Not surprisingly, then, my thinking has started with my relationship with reading, which I’ve blogged (briefly) about before. I am reading more than ever. I have a list of books I want to read which is ever growing, to the point that it is unachievable. I could buy a book every day, add them to my stack and get around to reading them, one day. Part of this is driven by my blog, but there’s something underlying it which I’ve been hiding from and which, to my surprise, has been revealed to me when I’ve thought about all the books which have particularly affected me. Those books were telling me something, and giving myself some time to think has made this clear to me.

Those books have been Tracks, A Book of Silence, A Woman in the Polar Night, Full Tilt. More recently, Nan Shepherd’s The Living Mountain – which I will blog about shortly – all of these books have shook me to my core. What is it about these books? All these women have taken a brave (or crazy) step. They have all done something which seems impossible, whether it is cycling across the world or walking across the Australian desert. All of these women have actively sought isolation and in the course of doing so have discovered who they were. This is something which I know absorbs me, as every idea I have for a novel centres around this theme. All of these women have sought an intensity of experience, they have risked their safety and suffered social approbation for what these have chosen to do. Yet their experiences have shaped them, they have enabled them to have a transcendent experience. What is my obsession with transcendence if not a sign to myself that the way I am living is simply not enough?

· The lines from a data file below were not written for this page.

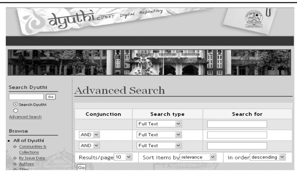
Advanced Search options of CUSAT ETD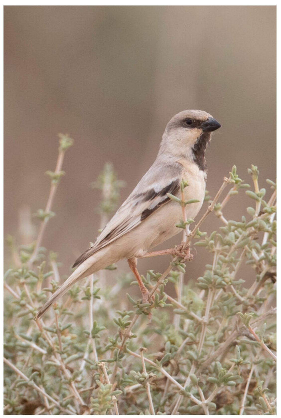
Desert Sparrow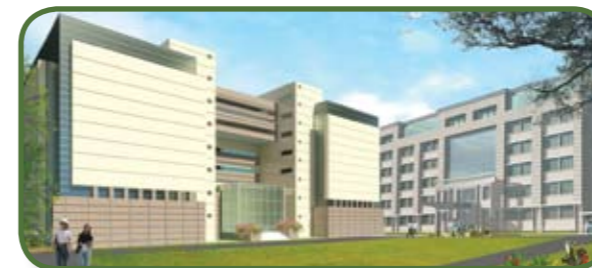
Artist's impression of the Central Block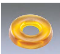
Part # TZ-GELPD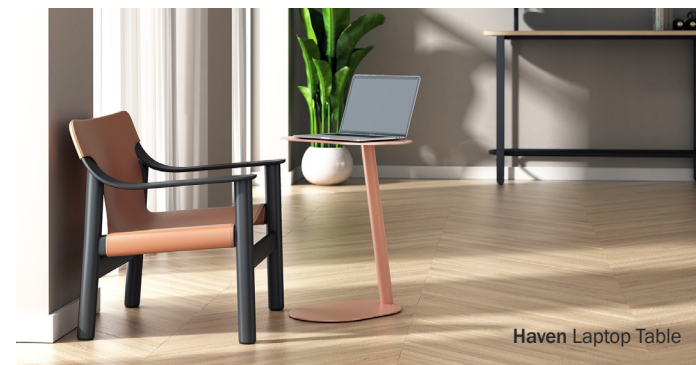
Haven Laptop Table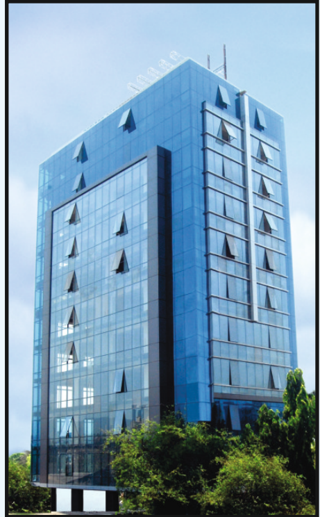
Atlanta | Goregaon (East)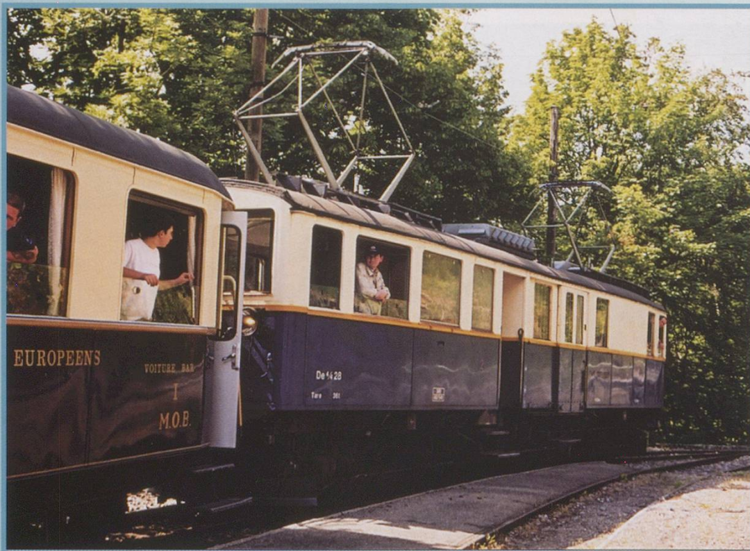
MOB/BC De4/4 28 at Chamby on the return journey from Montreux. 30.05.04.

meet my wife and so I was delighted to have the opportunity of trying the new railcar. It had that inescapable wonderful aroma that only new vehicles have and was very comfortable. Subsequently we returned to Rougemont for another helping of rosti whilst being entertained by a jazz band. Don't the Swiss do these things well? The newly unveiled school children's carriage, B208, was on view and like a number of the decorated locos is different on each side.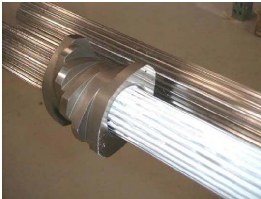
Figure 3: Anti-seize on splined shafts

Preventative measures are encouraged for screw maintenance. If the screw set is left together for extended periods, it will be difficult to remove the elements. Experienced compounding firms will periodically remove the elements, clean the elements/shafts and apply anti-seize to the shafts on a periodic basis to prevent "stuck" screw elements.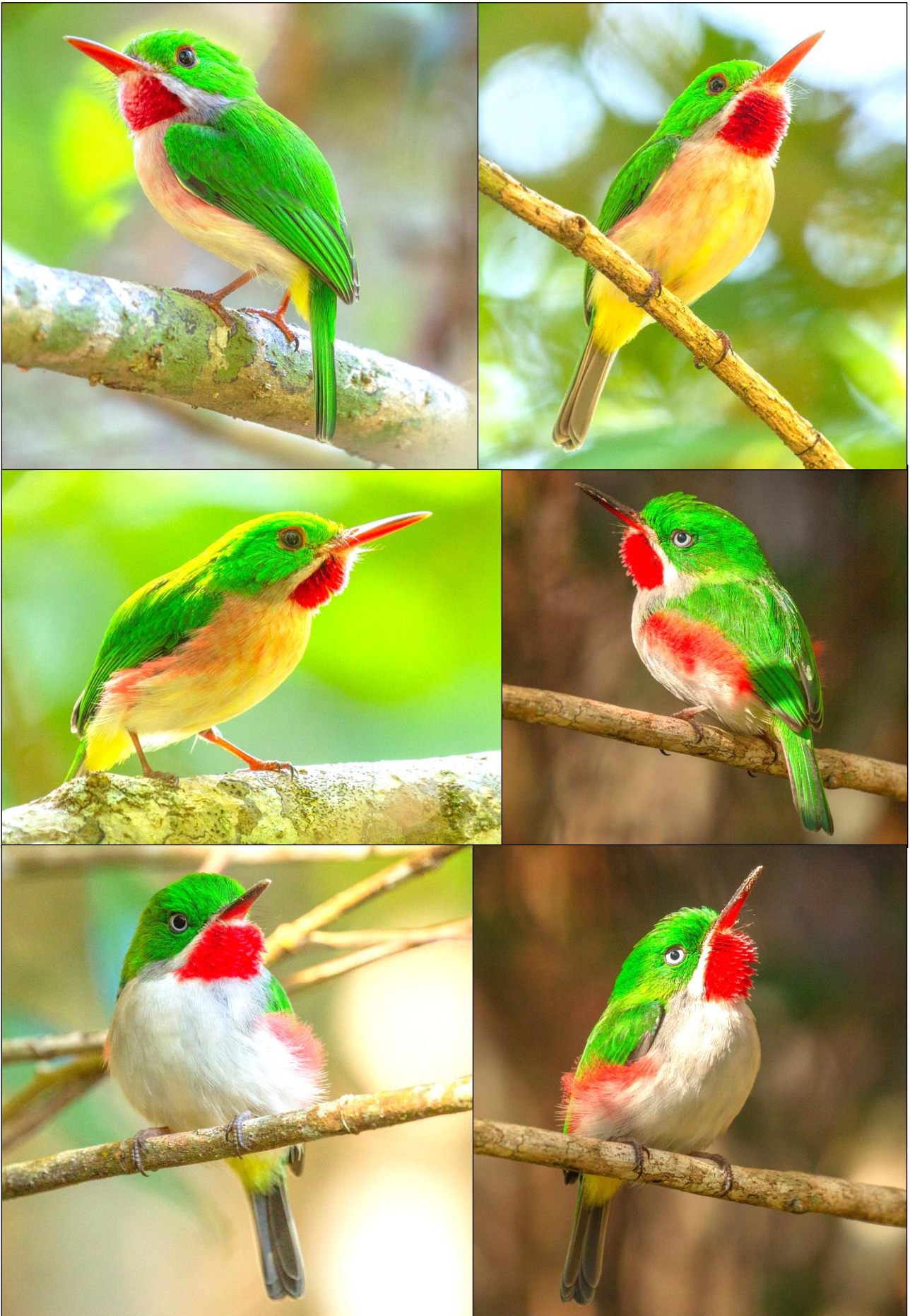
Broad-billed Tody, Rabo de Gato (top & mid-lt.) and Narrow-billed Tody, Loma la Hoz (mid-rt. and bottom)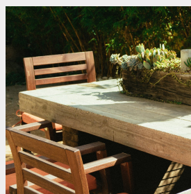
Wooden outdoor furniture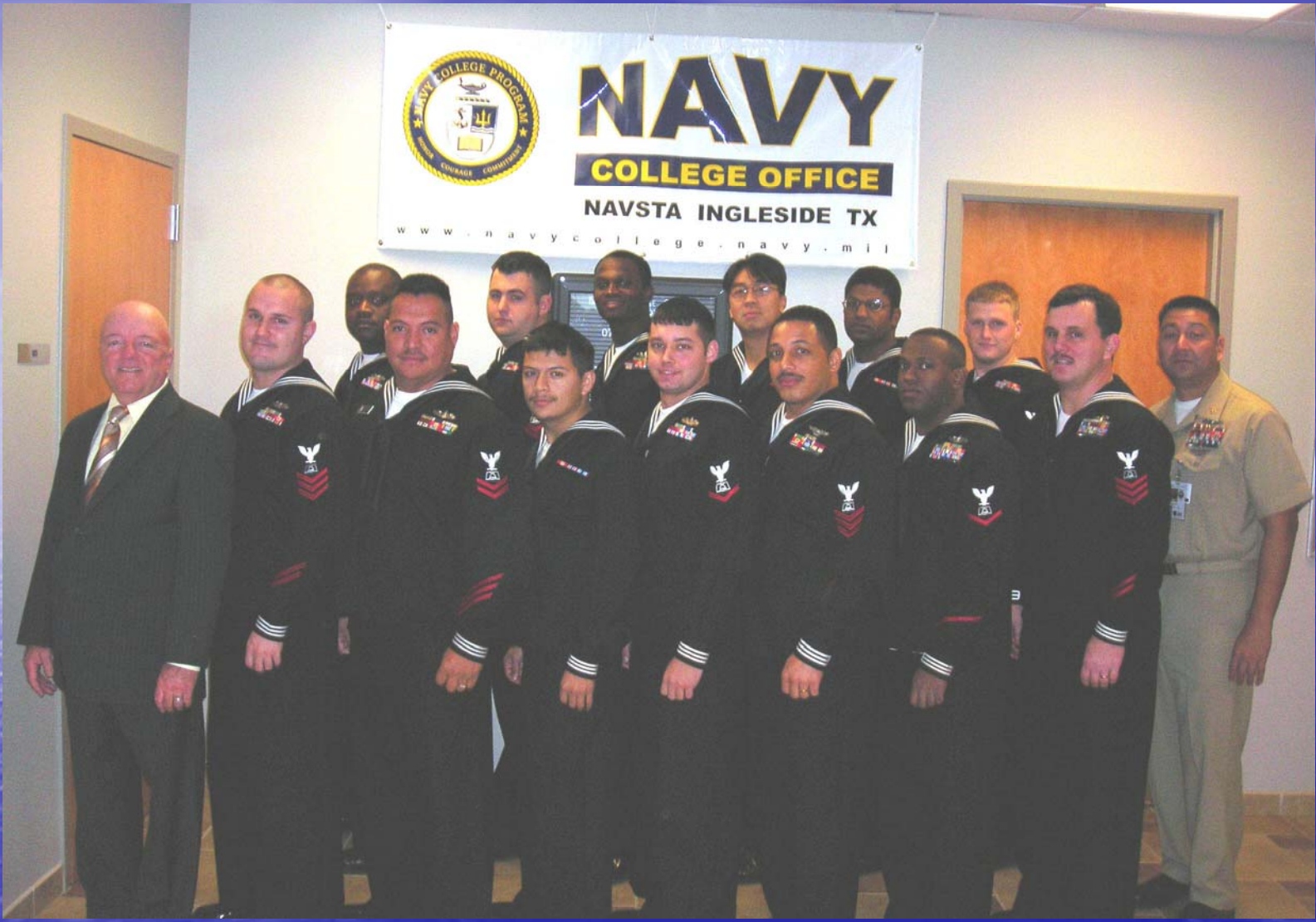
Navy Minesweeper Base, Ingleside, TX January 2007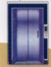
Telescopic Manual Door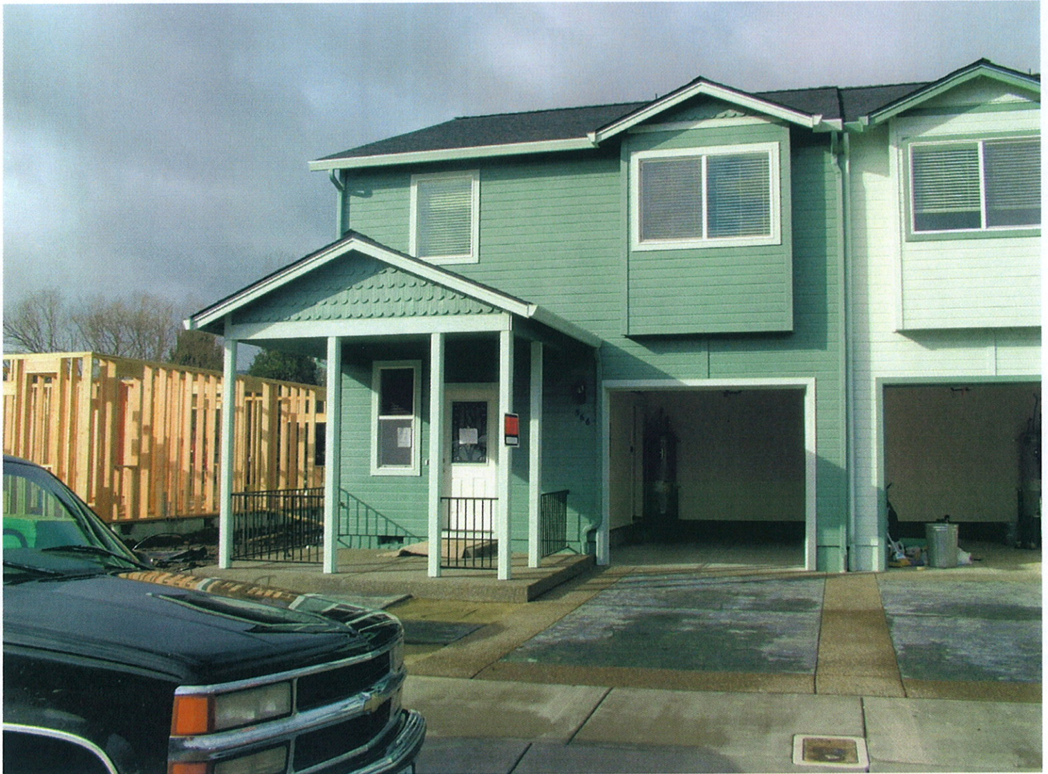
Date Taken 2/6/2008 – Front View

If using the Elevation Certificate to obtain NFIP flood insurance, affix at least two building photographs below according to the instructions for Item A6. Identify all photographs with: date taken; "Front View" and "Rear View"; and, if required, "Right Side View" and "Left Side View." If submitting more photographs than will fit on this page, use the Continuation Page, following.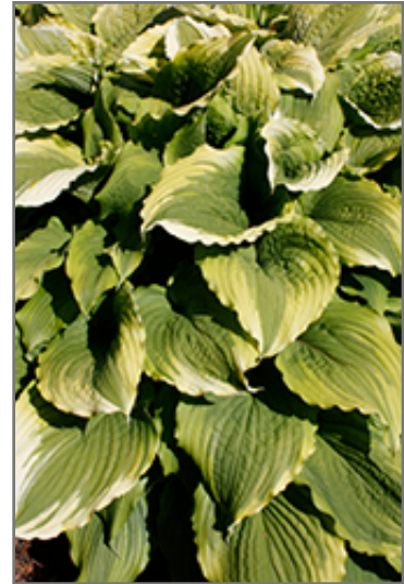
One Last Dance Hosta foliage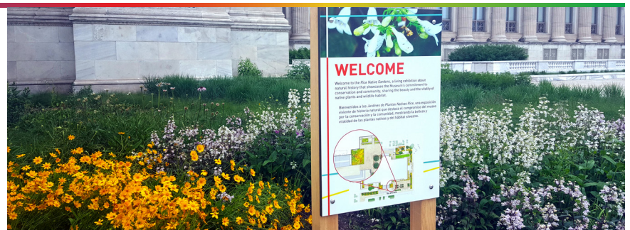
The Rice Native Gardens, The Field Museum, Chicago, Illinois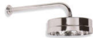
MK 1774 MACKINTOSH 8" APRON ROSE WITH SHORT ARM (SUITABLE FOR CUBICLE) ALSO AVAILABLE LB 1774 CLASSIC ROSE - SEE PICTURE BELOW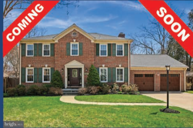
9426 Mount Vernon Cir | $1,595,000

43 homes SOLD in 2026 so far and 80 homes SOLD in 2025!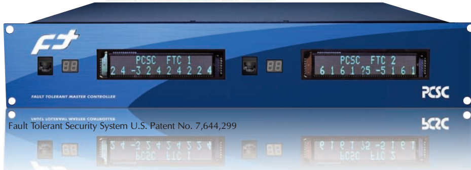
▶ Dual Fault Tolerant Controllers configured with optional 19" 2U rackmount enclosure and optional dual vacuum fluorescent displays

PCSC offers the world's first Fault Tolerant (FT) controller series creating the highest level of reliability with its automated process of system recovery for access control, alarm monitoring and output control systems. The FT Architecture (FTA) is the next evolution of building security management designed with a Virtual Point Definition network, integrated peer-to-peer and redundant communications. The FT system is designed to automatically recover regardless of communication or controller failure.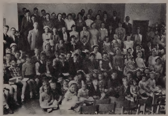
Sunday school anniversary at Leigh-on-Sea.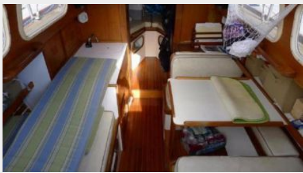
Interior looking forwards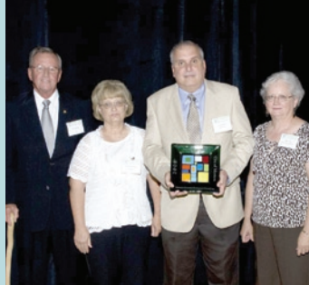
City of Morton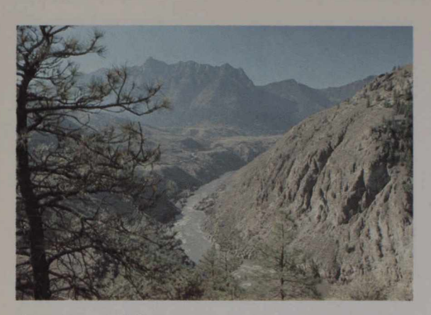
Fraser Canyon, B.C.

The Fraser River skirts the Cariboos in the north and then plunges down its center, deep into rocky canyons, 1,000 or more feet below the plateaus of rich alluvial soil.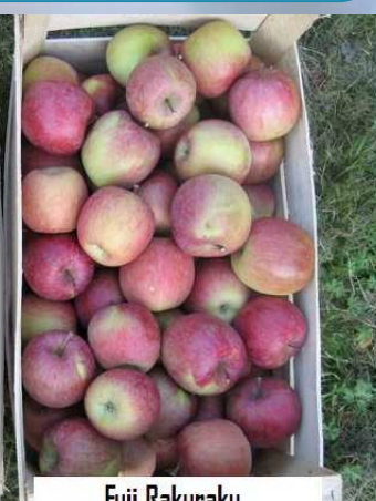
Non contractual information and photos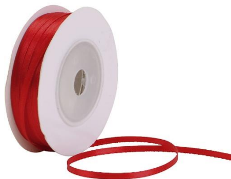
Satin Ribbon, W: 3 mm, red, 30m/ 1 roll Item no. 780034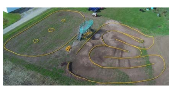
Academy of Model Aeronautics Charter Club # 1490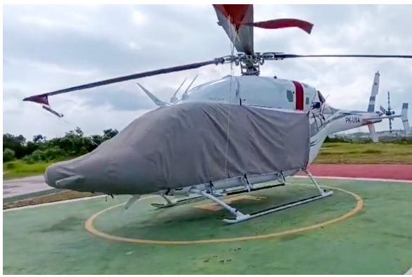
Bell 429 Bubble Cover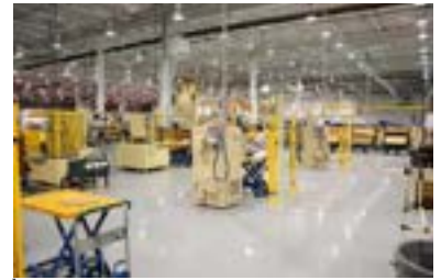
IKIO Plant 4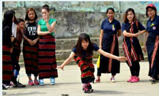
Inkawibah (Female Sport) at Annual Sports 2016

As part of its community Outreach over 140 school children from various local schools were invited to the University Campus. The children and their teachers interacted with staff and faculty members. The students toured the campus and viewed the University facilities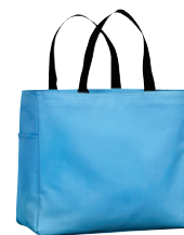
CAROLINA BLUE 7689C

I am not unhappy with my life, in fact if I was unhappy it would be easier to make a change. What I see, instead, is that I am living an unchallenged life. My work is challenging, but not risky and it is easy to rise to that kind of challenge and pretend it is enough. It is not enough. I need to challenge myself, I need to confront myself and always remember that a fulfilled life is not necessarily an easy life. I let myself off the hook too often. I love reading, but there comes a point where you realise that the story you want to read isn’t out there, but is already inside you waiting to be released. I am ready, I think, to write my story. Actually it doesn’t matter if I’m ready, I simply must. I need to stop living this middle-of-the-road life. I have walked a path which has been opened up for me, instead of forging my own way and I have let my dreams fall along the wayside, victims of expedience and practicality.

My dream as a child was to be a writer, but along the way I have created the excuses which have permitted me not to pursue my dream. I have tinkered here and there but never taken it seriously. No one should give up their dreams so easily. I need to read less (crazy as that sounds), blog a little less and stop myself from filling those free hours with anything other than writing activity. I need to stop buying books, because the story I need to read is right here already. It will be a difficult read, and I won’t be able to read it and move on to the next story in a matter of days; but it will be the best story I will ever read and if I don’t nurture it from me now I’m condemning myself to die an old, regretful woman. I’m determining, right here, that this is not going to be the story of my life.